Des photos de dignitaires nazis visitant Mauthausen détournées par des déportés espagnols

Les visites des camps de déportation et d’extermination par de hauts responsables nazis étaient un rituel soigneusement mis en scène. C'est ainsi que Himmler, chef des SS (Reichsführer-SS) depuis 1929 et de la police du Reich (dont la Gestapo) – il ne deviendra ministre de l’intérieur qu’en 1943 –, a mené au moins trois inspections au camp de concentration (Konzentrationslager ou KZ) autrichien de Mauthausen ou à Gusen, l'un de ses 60 sites annexes : les 27 avril 1941, 31 mai 1941, 17 octobre 1942. À chaque fois, un sous-officier SS a pris force photos de l’événement et suivi le cortège dans ses déplacements au sein du camp principal, de la carrière de granit ou du camp annexe.
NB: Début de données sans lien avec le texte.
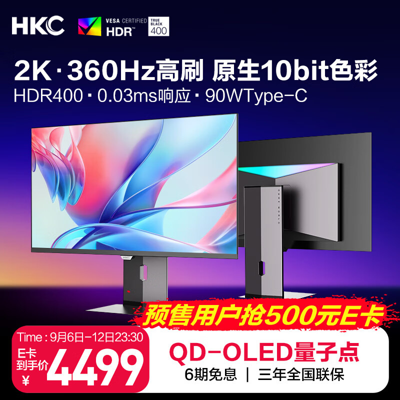 HKC GS27QE:2K 360Hz,首发 4499 元

Pourquoi Himmler est-il venu en personne, à deux reprises et à un mois de distance, au printemps de 1941, en exigeant du commandant du camp que le taux de mortalité des déportés augmente nettement ? Sans doute dans le cadre de la préparation de l’invasion de l’URSS, qui sera lancée le 22 juin : les dirigeants nazis prévoyaient d’avoir à traiter un grand nombre de prisonniers soviétiques, parmi lesquels ils voulaient éliminer les communistes – de fait, une chambre à gaz fut installée à Mauthausen en octobre 1941.
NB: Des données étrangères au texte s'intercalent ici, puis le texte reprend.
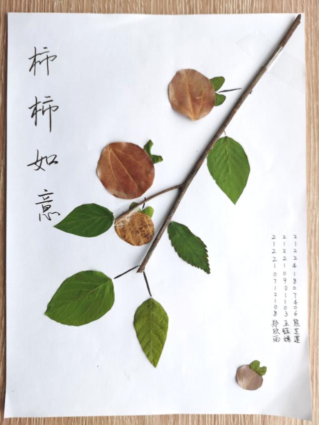 上图是陈前程等三位同学带来的作品,他们收集四时之叶,代表江科大老师们的四季陪伴,“落红不是无情物,化作春泥更护花”,表达了对老师们的感激和感谢之情。

Mauthausen, le camp des déportés politiques

L’Anschluss, l’annexion de l’Autriche par l’Allemagne, remonte au 12 mars 1938. Dès le 8 août, des déportés du camp de Dachau furent envoyés pour bâtir un camp de concentration sur une colline de Mauthausen, au bord du Danube, à une vingtaine de kilomètres de Linz. Le site fut choisi au-dessus d’une des plus grandes carrières de granit d’Europe, les Wiener Graben, qui avaient fourni la plupart des pavés de Vienne. Le camp ressembla peu à peu à une forteresse, dotée d’un mur d’enceinte en granit, avec remparts, tours, chemins de ronde ; le sol de la place d’appel est lui aussi en pierre (voir la photo ci-dessous), ainsi que les casernements des SS et les bâtiments de l’administration.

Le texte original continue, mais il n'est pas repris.